12. En second lieu, pour les motifs exposés au point 9, le moyen tiré de la méconnaissance des dispositions du 10° de l'article L. 511-4 du code de l'entrée et du séjour des étrangers et du droit d'asile doit être écarté.
En ce qui concerne la légalité de la décision fixant le pays de destination :
13. Aux termes de l'article 3 de la convention européenne de sauvegarde des droits de l'homme et des libertés fondamentales : " Nul ne peut être soumis à la torture ni à des peines ou traitements inhumains ou dégradants. ".
14. Si M. C... fait valoir que son renvoi au Sénégal l'exposerait à un risque de traitements inhumains et dégradants compte tenu de son état de santé, ainsi qu'il a été dit au point 9 du présent arrêt, l'intéressé n'établit pas que le traitement dont il relève ne serait pas disponible dans son pays d'origine.
15. Il résulte de tout ce qui précède que la demande formulée par M. C... devant le tribunal administratif de Paris tendant à l'annulation de l'arrêté du 4 février 2020 du préfet de police doit être rejetée. Par voie de conséquence, ses conclusions à fin d'injonction tout comme celles présentées sur le fondement des articles 37 de la loi du 10 juillet 1991 et L. 761-1 du code de justice administrative doivent également être rejetées.
D E C I D E:
Article 1er : Le jugement n° 2004158/2-3 du 12 novembre 2020 du tribunal administratif de Paris est annulé.

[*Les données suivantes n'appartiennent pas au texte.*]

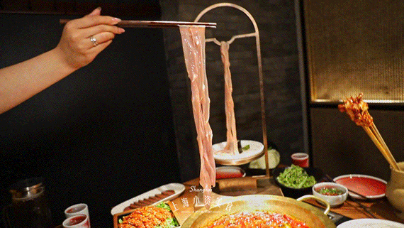 新鲜空运来的鹅肠,烫个10秒就能捞起!卷起的鹅肠上挂满辣汁,入口脆嫩爽滑,一下就能滑到嗓子眼!
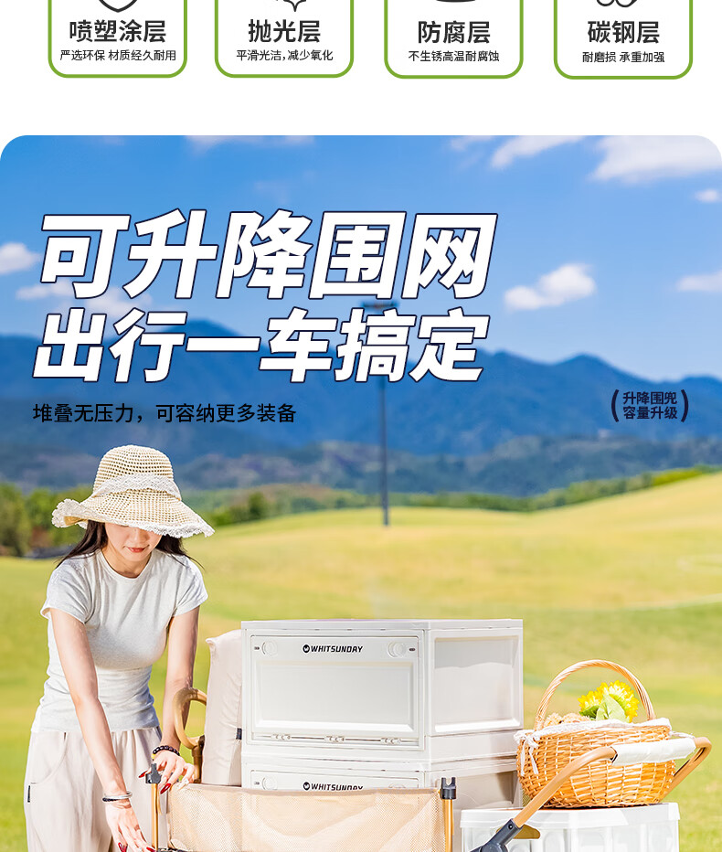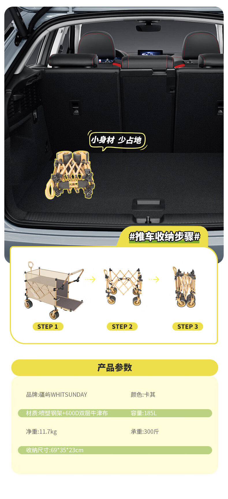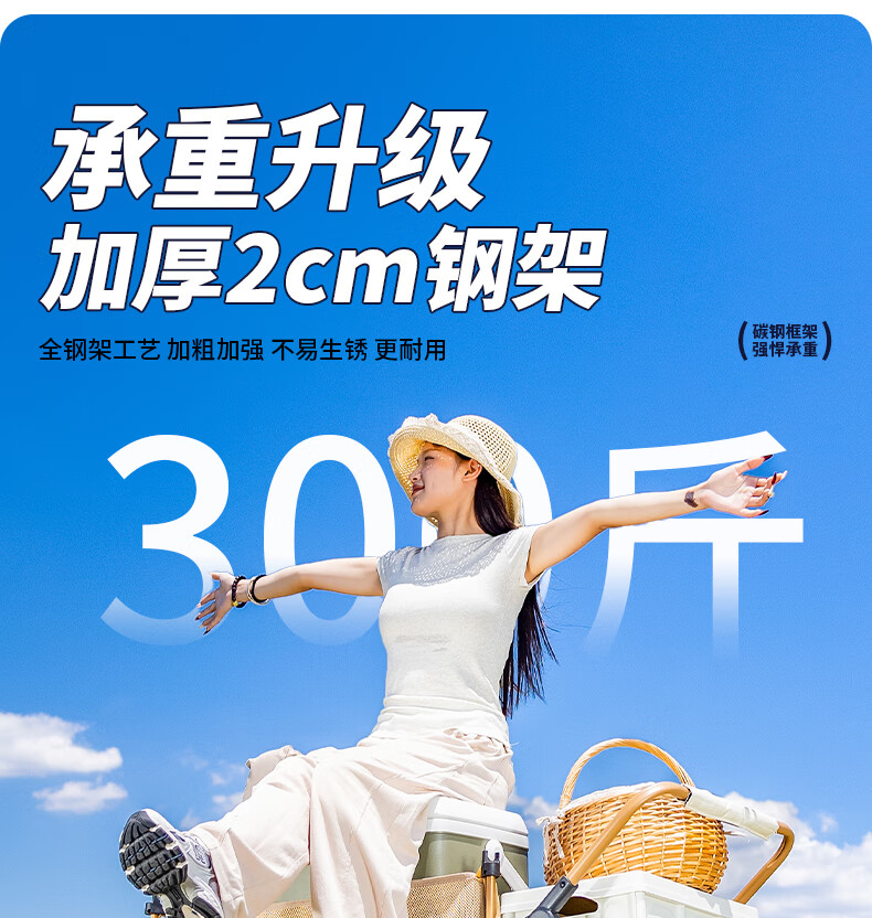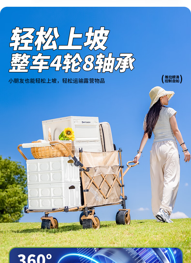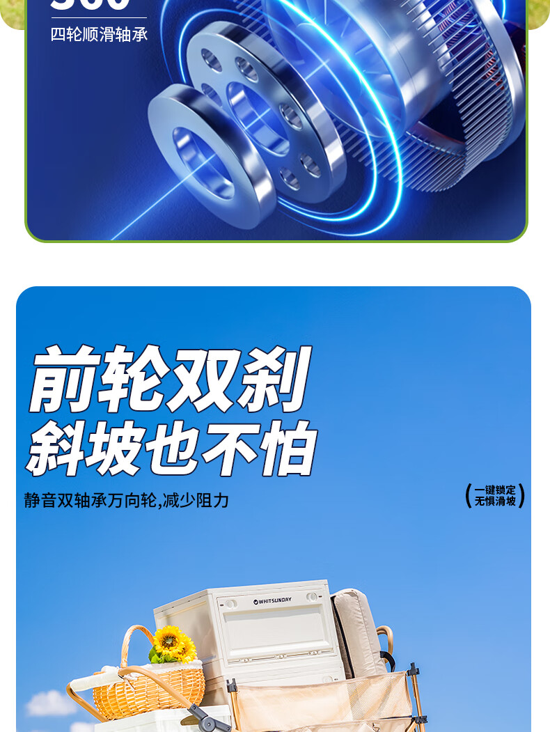 1. 材质与耐用:车架碳钢+抗撕裂牛津布,结实抗造。喷塑工艺防刮防锈,复杂户外环境也耐用,承重强,轻松应对露营装备搬运 。 2. 折叠便携:两向折叠超方便,一提就收拢,不占空间,放车后备箱或家里都轻松,单人/小家庭出游适配。 3. 灵活好推:万向车轮360°转向,崎岖山路、沙滩等地形都能驾驭,手柄可按身高调高度角度,推拉省力,长时间用也不易累。 4. 容量实用:大容量能装,70L车身堆载达140L ,帐篷、睡袋等露营物,日常购物、取快递、搬小物件都能行,一车多用。 5. 细节贴心:手柄人体工学设计,握感好还带固定扣;静音轮胎不扰人;部分款有隐藏遮阳棚,太阳大时能给娃遮阳 。 6. 性价比高:百元价位(日常一百出头 ),功能、质量能打,对露营新手或注重实用的人,是高性价比之选。 像 “车架结实抗造,牛津布耐扯,喷塑防锈,用好久没磨损,装一堆装备稳稳的”“折叠太方便!不占空间,出门放后备箱,露营、买菜、取快递全能干,性价比绝了” 这类真实体验,能让好评更生动~

Article 2 : La demande présentée par M. C... devant le tribunal administratif de Paris et le surplus des conclusions de sa requête devant la cour sont rejetés.
Article 3 : Le présent arrêt sera notifié à M. A... C... et au ministre de l'intérieur.
Copie en sera adressée au préfet de police.
Délibéré après l'audience du 25 janvier 2022 à laquelle siégeaient :
- M. Ivan Luben, président de chambre,
- Marianne Julliard, présidente assesseure,
- Mme Marie-Dominique Jayer, première conseillère.
Rendu public par mise à disposition au greffe le 15 février 2022.
La rapporteure,
M-D B...Le président,
I. LUBEN
Le greffier,
E. MOULIN
La République mande et ordonne au ministre de l'intérieur, en ce qui le concerne, et à tous huissiers de justice à ce requis, en ce qui concerne les voies de droit commun contre les parties privées, de pourvoir à l'exécution de la présente décision.